[TASK DATA — start]
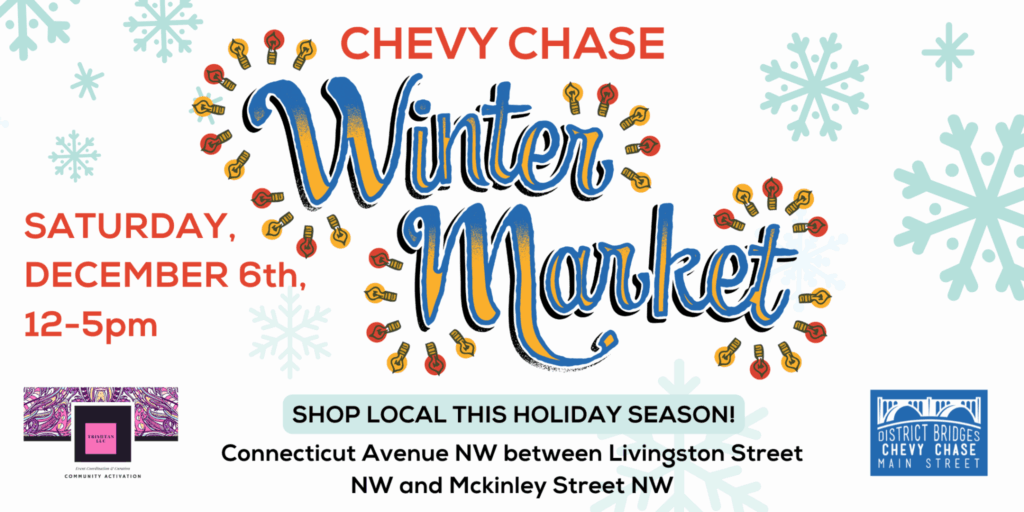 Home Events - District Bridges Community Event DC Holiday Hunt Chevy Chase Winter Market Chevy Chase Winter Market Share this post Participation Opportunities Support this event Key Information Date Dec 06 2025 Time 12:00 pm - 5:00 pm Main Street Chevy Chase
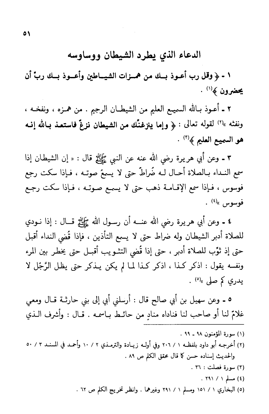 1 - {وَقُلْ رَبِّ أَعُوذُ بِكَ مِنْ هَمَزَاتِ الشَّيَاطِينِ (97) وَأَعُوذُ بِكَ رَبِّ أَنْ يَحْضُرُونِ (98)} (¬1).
[TASK DATA — finish]
[TASK DATA — start]
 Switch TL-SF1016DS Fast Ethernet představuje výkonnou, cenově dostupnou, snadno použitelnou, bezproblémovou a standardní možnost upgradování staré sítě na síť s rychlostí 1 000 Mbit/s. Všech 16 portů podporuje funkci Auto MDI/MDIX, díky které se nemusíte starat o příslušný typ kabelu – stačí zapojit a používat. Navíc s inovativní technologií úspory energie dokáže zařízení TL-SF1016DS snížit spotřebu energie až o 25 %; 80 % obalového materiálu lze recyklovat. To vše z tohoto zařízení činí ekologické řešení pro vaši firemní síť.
[TASK DATA — finish]
◆ AIM OF THE EXERCISE ◆
Within the listing above, print exactly the stretch beginning at the line that contains "Home Events - District" and finishing at the line that contains "رَبِّ أَعُوذُ بِكَ", ends kept, pictures left out, and nothing more.

◆ EXERCISE ANSWER ◆
 Home Events - District Bridges Community Event DC Holiday Hunt Chevy Chase Winter Market Chevy Chase Winter Market Share this post Participation Opportunities Support this event Key Information Date Dec 06 2025 Time 12:00 pm - 5:00 pm Main Street Chevy Chase
 1 - {وَقُلْ رَبِّ أَعُوذُ بِكَ مِنْ هَمَزَاتِ الشَّيَاطِينِ (97) وَأَعُوذُ بِكَ رَبِّ أَنْ يَحْضُرُونِ (98)} (¬1).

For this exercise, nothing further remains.